### PROBLEM DESCRIPTION
Below, find the line containing "Patrick Blanc at" and the line containing "Pružina v tvare"; reproduce exactly those two and every line between them, omitting pictures.

### AVAILABLE DATA
▬▬▬▬▬▬

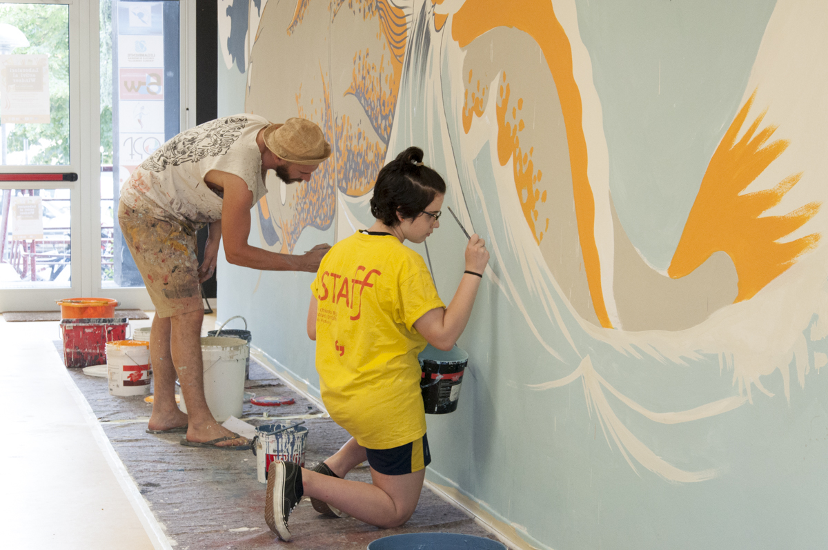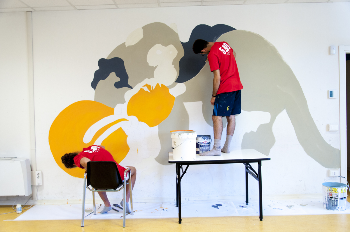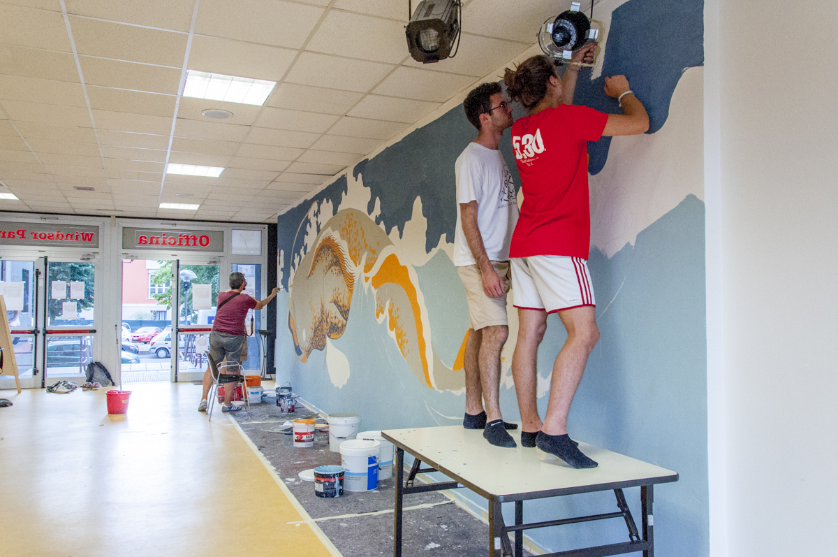 La sala è gestita dalle associazioni Officina progetto Windsor, composta dai residenti del condominio, Banca del Tempo, Legambiente, Precariart che, con la collaborazione anche della Rete degli studenti e di Officina progetto fotografia, svolgono diverse attività per migliorare la vivibilità e l’integrazione nel contesto. L’idea del murale di Zamoc nasce proprio dalla volontà delle associazioni di rendere più attraente la sala e di aprirla ancora di più verso l’esterno.
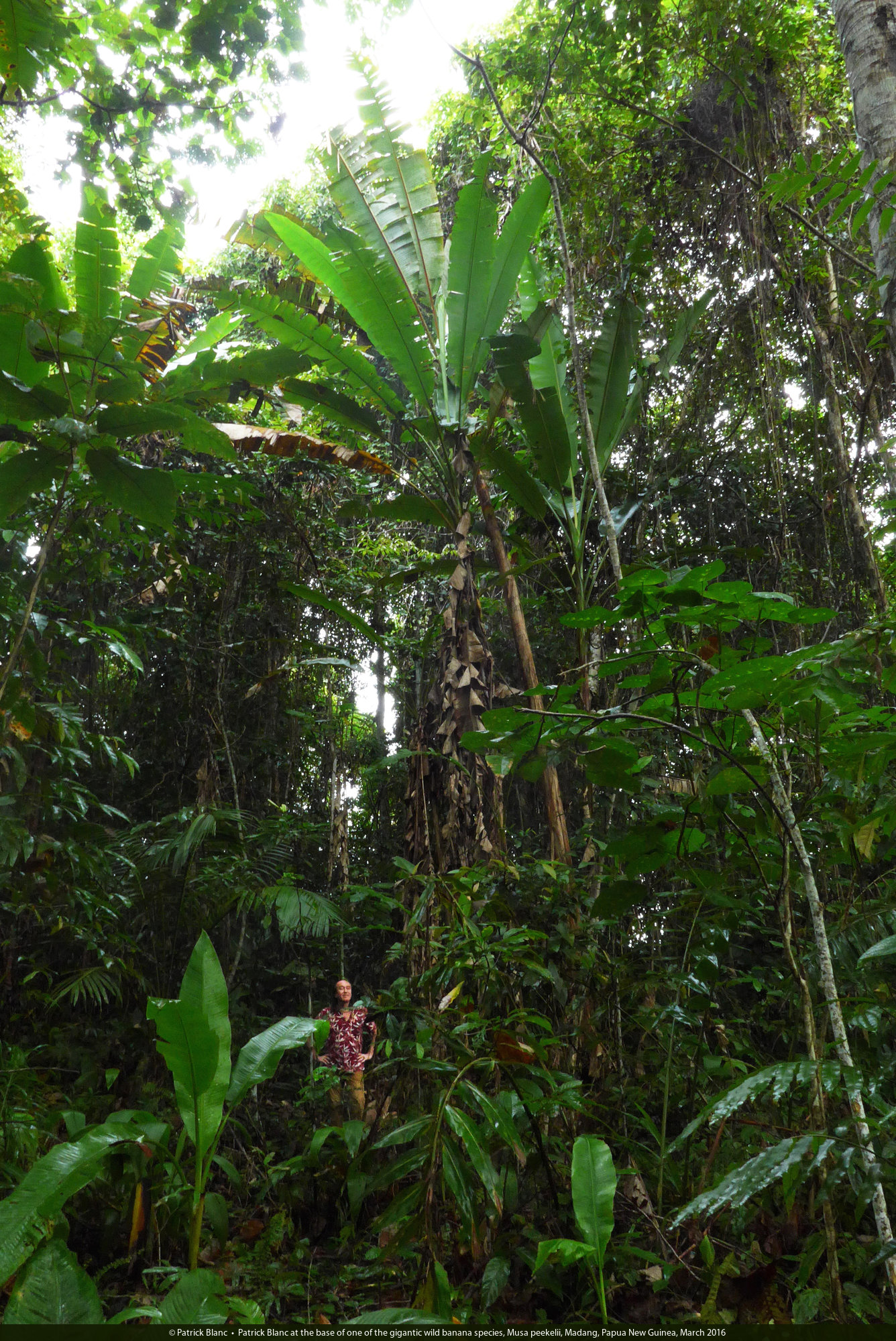 Patrick Blanc at the base of one of the gigantic wild banana species, Musa peekelii, Madang, Papua New Guinea, March 2016
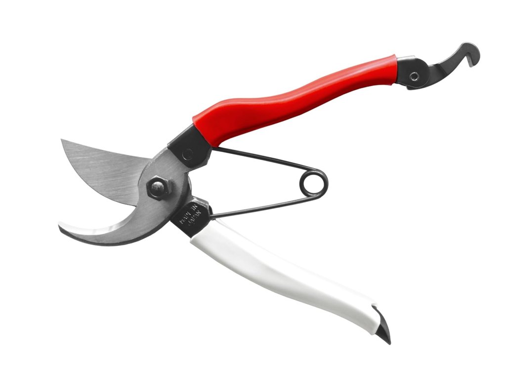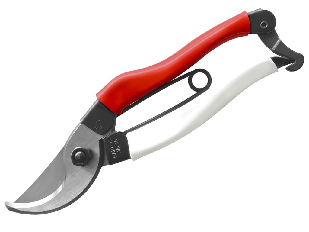 Pružina v tvare V zaisťuje rovnomerne rozloženú záťaž po celej dĺžke, čo zaručuje bezpečné a plynulé zatváranie nožníc. Nožnice majú jednoduchý uzamykací systém v tvare háčika na konci rukoväte, ktorý sa dá obslúžiť pomocou jednej ruky.
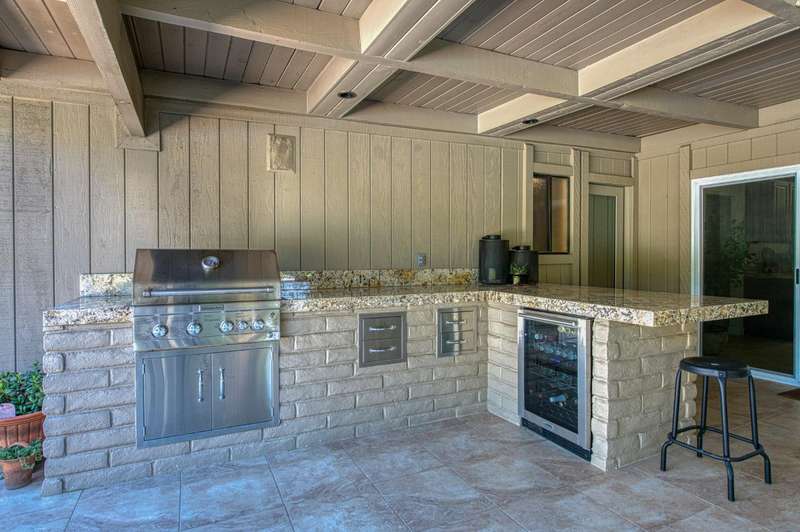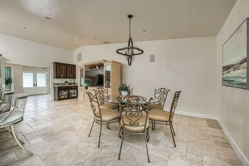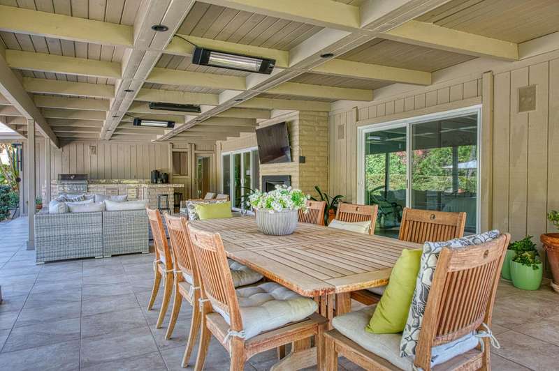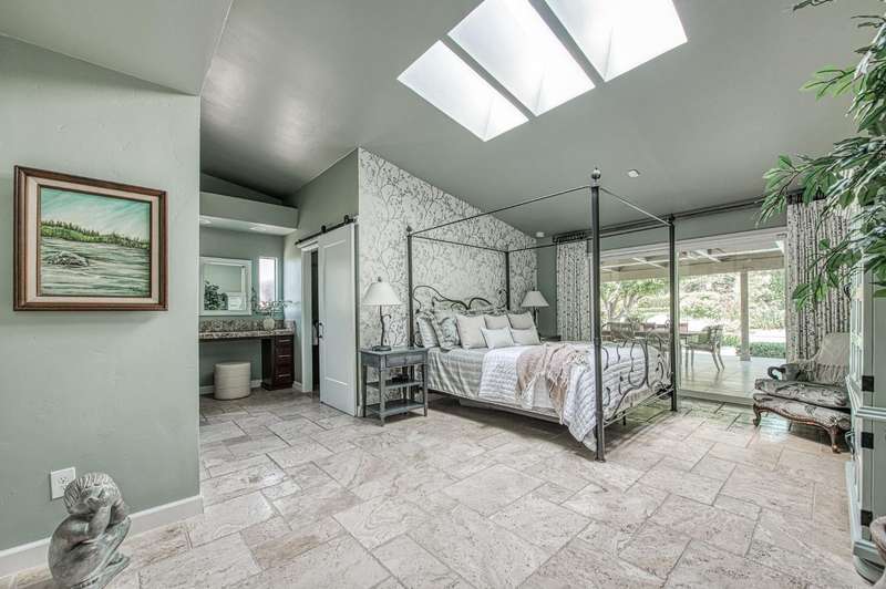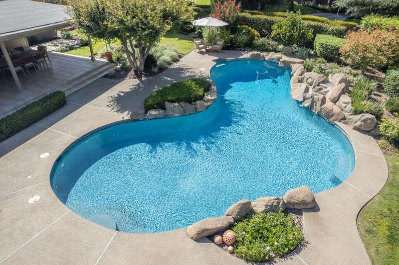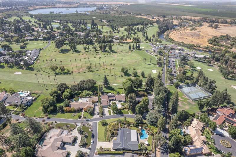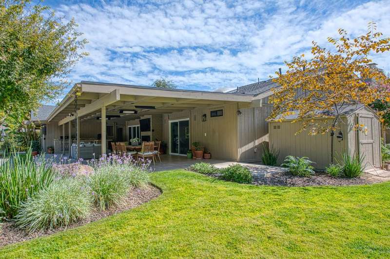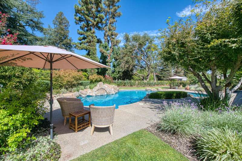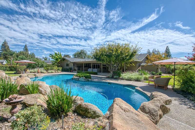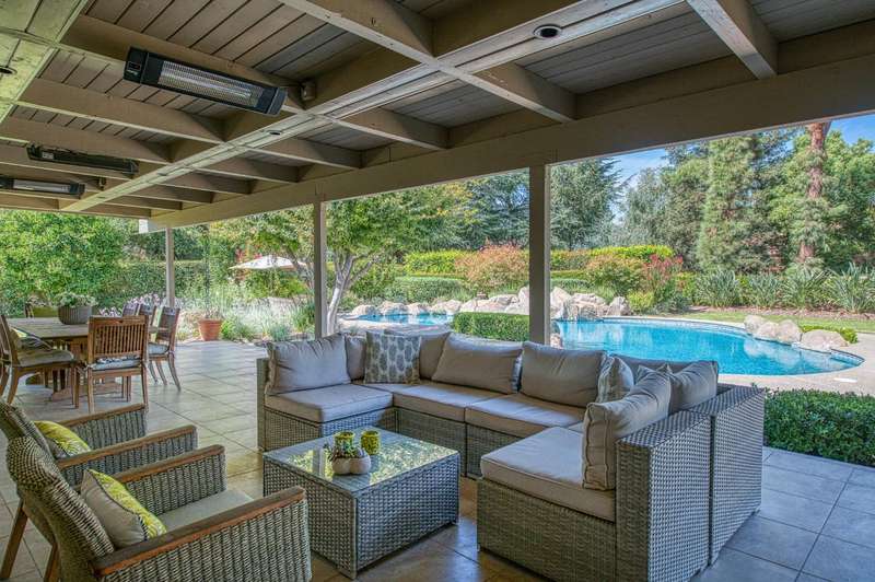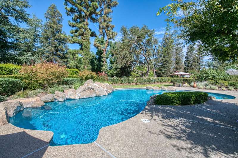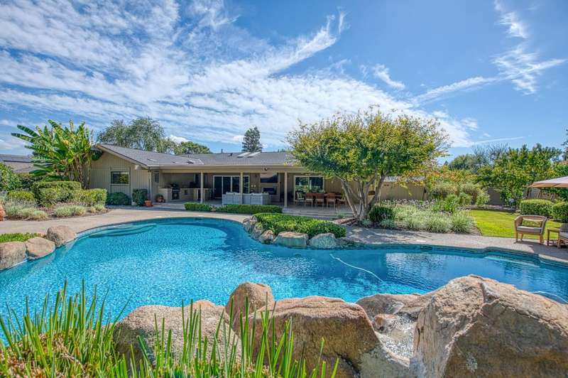 Enjoy this exceptionally updated home just steps from the San Joaquin Country Club in Northwest Fresno. Set on a beautifully landscaped lot with OWNED SOLAR, automatic irrigation, and 11 mature fruit trees (including peaches), this home is a retreat for entertaining and everyday living. Enter through the double-door entry to a well thought out floor plan with two living spaces and a formal dining room; ideal for hosting. Travertine flooring flows through the main living areas, adding timeless elegance and seamless indoor-outdoor flow. Bedrooms have large closets; the laundry room offers abundant storage. The primary suite features skylights, recessed lighting, and a newer patio slider to the pool. The spa-style bath includes a double-headed shower, frameless glass doors, dual sinks and shaker cabinetry, and a steam room for at-home wellness.The kitchen was definitely created with the home chef in mind: dark-wood cabinetry, granite countertops, a high-end Wolf range, stainless appliances, a built-in wine fridge, and a generous walk-in pantry perfect for storing appliances and bulk items. Expansive windows and doors connect the kitchen to the backyard oasis, making indoor-outdoor entertaining effortless.Outdoor living is the showstopper: a covered patio with built-in heaters and a full outdoor kitchen create alfresco dining year-round. The large, refreshing pool with relaxing waterfall, adjacent lounge areas, lush planting, and thoughtful hardscape create a private resort feel.Practical upgrades include two HVAC units and owned solar to help lower utilities. The home's layout provides distinct zones for formal gatherings and casual family time, while ample storage and oversized closets ensure everything has a place. Neutral finishes and modern systems make the property move-in ready.Close to premier golf, Fresno's finest dining, and shopping this home pairs luxury finishes and modern conveniences with a spectacular entertainer's backyard just steps from the club. Schedule a private showing today to experience this exceptional property in San Joaquin Country Club Estates.

▬▬▬▬▬▬

### YOUR SOLUTION
 Patrick Blanc at the base of one of the gigantic wild banana species, Musa peekelii, Madang, Papua New Guinea, March 2016
 Pružina v tvare V zaisťuje rovnomerne rozloženú záťaž po celej dĺžke, čo zaručuje bezpečné a plynulé zatváranie nožníc. Nožnice majú jednoduchý uzamykací systém v tvare háčika na konci rukoväte, ktorý sa dá obslúžiť pomocou jednej ruky.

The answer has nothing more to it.